TASK GOAL:
The material below is to be copied exactly from the line with "Burroughs moved to" up to and including the line with "重慶廣飛電子有限公司,是一家", with nothing else kept and no pictures.

RECORDS SUPPLIED:

= Beginning of Section =

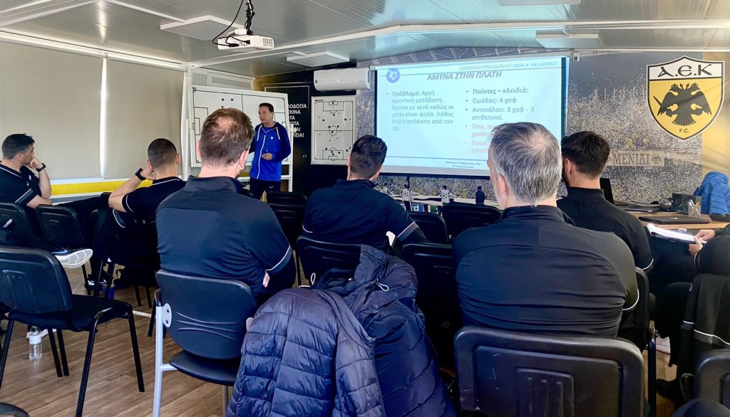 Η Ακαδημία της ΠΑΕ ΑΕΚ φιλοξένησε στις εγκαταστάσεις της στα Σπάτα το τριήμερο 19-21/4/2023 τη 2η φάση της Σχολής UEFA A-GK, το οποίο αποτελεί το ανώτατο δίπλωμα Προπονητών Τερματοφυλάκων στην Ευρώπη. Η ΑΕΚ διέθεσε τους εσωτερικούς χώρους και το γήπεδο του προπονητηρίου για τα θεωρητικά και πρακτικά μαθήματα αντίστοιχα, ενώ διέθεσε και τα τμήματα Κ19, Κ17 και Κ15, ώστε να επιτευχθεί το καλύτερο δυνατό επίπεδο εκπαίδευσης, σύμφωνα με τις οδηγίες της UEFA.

= End of Section =
= Beginning of Section =

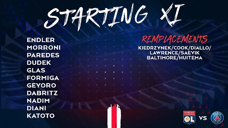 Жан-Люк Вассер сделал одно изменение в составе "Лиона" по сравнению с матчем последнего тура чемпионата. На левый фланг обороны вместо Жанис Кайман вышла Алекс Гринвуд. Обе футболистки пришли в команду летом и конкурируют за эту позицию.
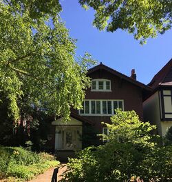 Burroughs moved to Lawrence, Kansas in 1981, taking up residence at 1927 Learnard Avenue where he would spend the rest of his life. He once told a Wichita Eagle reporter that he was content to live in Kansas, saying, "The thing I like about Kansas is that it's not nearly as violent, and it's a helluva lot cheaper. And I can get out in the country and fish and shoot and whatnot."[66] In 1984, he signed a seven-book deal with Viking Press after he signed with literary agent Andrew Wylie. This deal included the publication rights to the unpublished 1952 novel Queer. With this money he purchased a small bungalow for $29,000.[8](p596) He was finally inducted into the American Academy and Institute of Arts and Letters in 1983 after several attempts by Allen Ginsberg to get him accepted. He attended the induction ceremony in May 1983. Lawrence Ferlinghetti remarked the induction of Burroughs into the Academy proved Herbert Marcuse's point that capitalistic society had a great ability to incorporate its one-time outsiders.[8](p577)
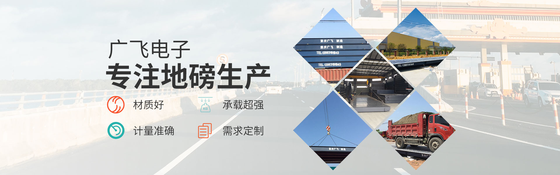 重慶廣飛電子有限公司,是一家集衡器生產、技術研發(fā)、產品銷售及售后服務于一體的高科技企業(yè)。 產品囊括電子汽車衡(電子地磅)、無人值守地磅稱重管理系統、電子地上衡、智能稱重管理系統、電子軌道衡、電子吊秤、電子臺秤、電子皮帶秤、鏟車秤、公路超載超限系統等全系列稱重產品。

= End of Section =

TASK SOLUTION:
 Burroughs moved to Lawrence, Kansas in 1981, taking up residence at 1927 Learnard Avenue where he would spend the rest of his life. He once told a Wichita Eagle reporter that he was content to live in Kansas, saying, "The thing I like about Kansas is that it's not nearly as violent, and it's a helluva lot cheaper. And I can get out in the country and fish and shoot and whatnot."[66] In 1984, he signed a seven-book deal with Viking Press after he signed with literary agent Andrew Wylie. This deal included the publication rights to the unpublished 1952 novel Queer. With this money he purchased a small bungalow for $29,000.[8](p596) He was finally inducted into the American Academy and Institute of Arts and Letters in 1983 after several attempts by Allen Ginsberg to get him accepted. He attended the induction ceremony in May 1983. Lawrence Ferlinghetti remarked the induction of Burroughs into the Academy proved Herbert Marcuse's point that capitalistic society had a great ability to incorporate its one-time outsiders.[8](p577)
 重慶廣飛電子有限公司,是一家集衡器生產、技術研發(fā)、產品銷售及售后服務于一體的高科技企業(yè)。 產品囊括電子汽車衡(電子地磅)、無人值守地磅稱重管理系統、電子地上衡、智能稱重管理系統、電子軌道衡、電子吊秤、電子臺秤、電子皮帶秤、鏟車秤、公路超載超限系統等全系列稱重產品。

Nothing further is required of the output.